Paris-Brest-Paris is being run August 20-24, 2007 and many of our customers and friends are riding. I case you don't know what PBP is, here is a description from the Randonneurs USA site:
First run in 1891, the 1200-kilometer Paris-Brest-Paris, or "PBP" as it is commonly called, is a grueling test of human endurance and cycling ability. Organized every four years by the host Audax Club Parisien, the Paris-Brest-Paris Randonneurs is the oldest bicycling event still run on a regular basis on the open road. Beginning on the southern side of the French capital, it travels west 600 kilometers to the port city of Brest on the Atlantic Ocean and returns along the same route. Today's randonneur cyclists, while no longer riding the primitive machines used a hundred years ago over dirt roads or cobblestones, still have to face up to rough weather, endless hills, and pedaling around the clock. A 90-hour time limit ensures that only the hardiest randonneurs earn the prestigious PBP finisher's medal and have their name entered into the event's "Great Book" along with every other finisher going back to the very first PBP. To become a PBP ancien (or ancienne for the ladies) is to join a very elite group of cyclists who have successfully endured this mighty challenge. No longer a contest for professional racing cyclists (whose entry is now forbidden), PBP evolved into a timed randonnée or brevet for hard-riding amateurs during the middle part of the 20th century. The event is held in August every four years.You can track riders through the official PBP site. Yes, we'll be watching you.

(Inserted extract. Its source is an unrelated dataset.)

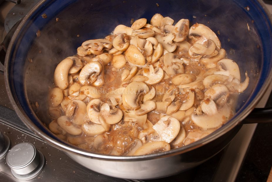 Ik strooi wat bloem over de champignons en gebruik Creme Fraiche ipv slagroom.

Many folks have e-mailed me asking what bike related things to do while in Paris. My advice is not to do anything bike related! You'll be riding 1200 bloody kilometers; forget about bikes for a few days and enjoy the city of light. Eat, drink, walk, go to museums, sit in cafes. That's what Paris is about.

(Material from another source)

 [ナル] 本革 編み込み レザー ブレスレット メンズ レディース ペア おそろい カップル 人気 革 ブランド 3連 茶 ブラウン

First, to get into the mood, go see Ratatouille (the film) and count the 2CVs. Even the French love this film. I took my 7-year old to see it and it was great.

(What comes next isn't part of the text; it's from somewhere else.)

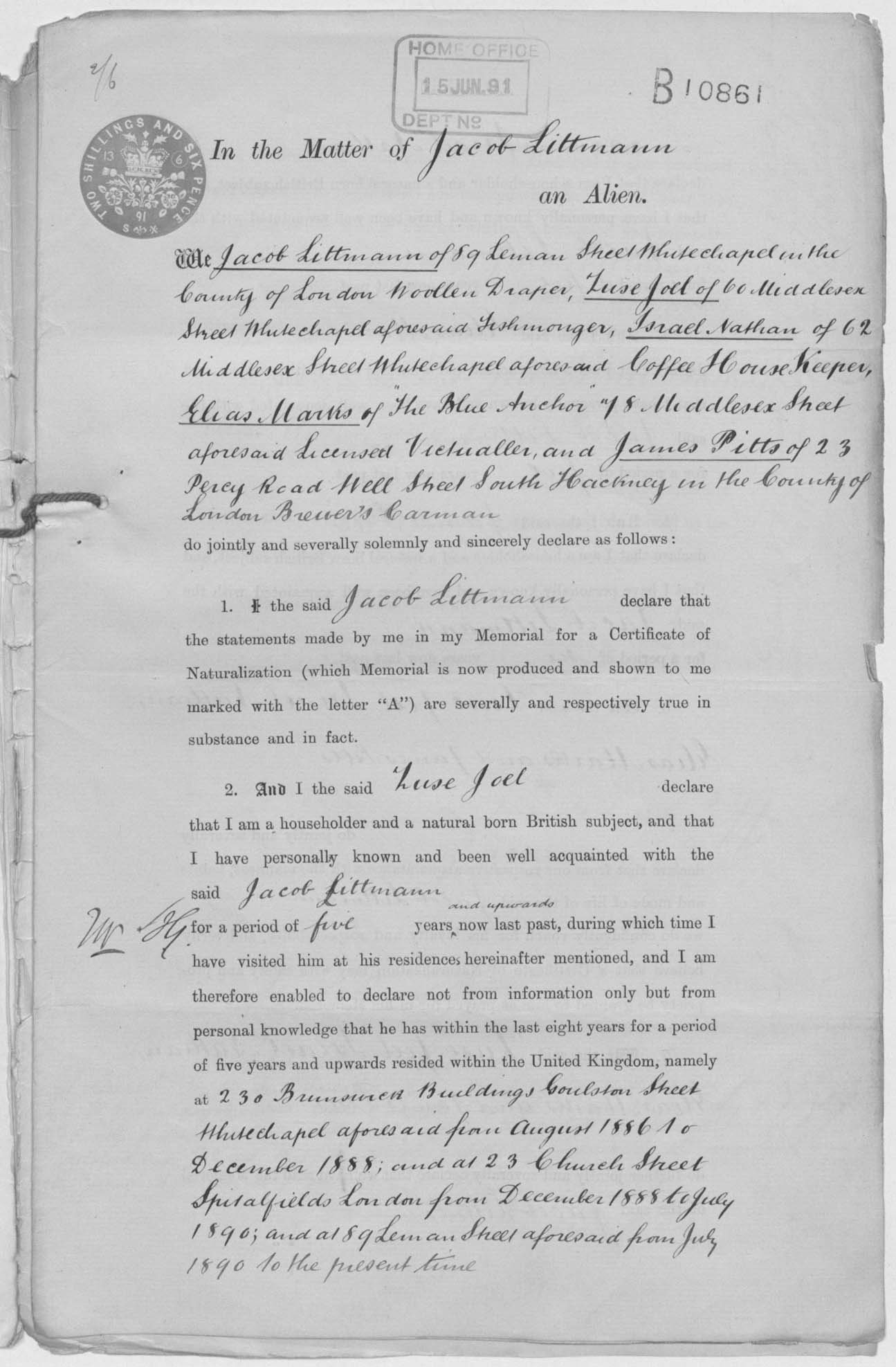 Page 6: 13th June 1891: Letter from Solicitor to Home Office to grant certificate of residency.

One of my favorite restaurants in Paris is Aux Charpentiers, 10 Rue Mabillon, 6e, where, if you look confused enough, the chef/owner, clad in jeans and a tweed jacket, will graciously help you with your meal.
Eat the bread from Poilâne bakery or one of the other great Parisian bakeries. You will be astounded. If you ask nicely they'll let you go down into the basement bakery.
Not all great food in Paris is French. Try Bouillon Racine for superb Belgian cuisine and the best Creme brulee in the world (according to Annette).
If you enjoy art, take the short trip to Giverny and visit Monet's house and gardens, a truly magic place, as well as the The American Art Museum and the Vernon Museum. Giverny is one of my favorite towns in the entire world.
If you must do something bike related, ride around on one of the new rental bikes that are everywhere. Check out this article from today's Guardian. By the way, the Alex Singer shop is closed for vacation during August and I've never bothered to visit any other bike shops in Paris. But you can get quite an education in city bikes by just noticing what's parked on the street. I've seen plenty of neat constructuer frames by just wandering around, but expect them to look well used; they are.
Finally, good luck to Ralph (and/or Joel), Jan, Ed, Chris, Mike, David, and everyone else who's riding PBP.
Does anyone else have favorite spots in or around Paris?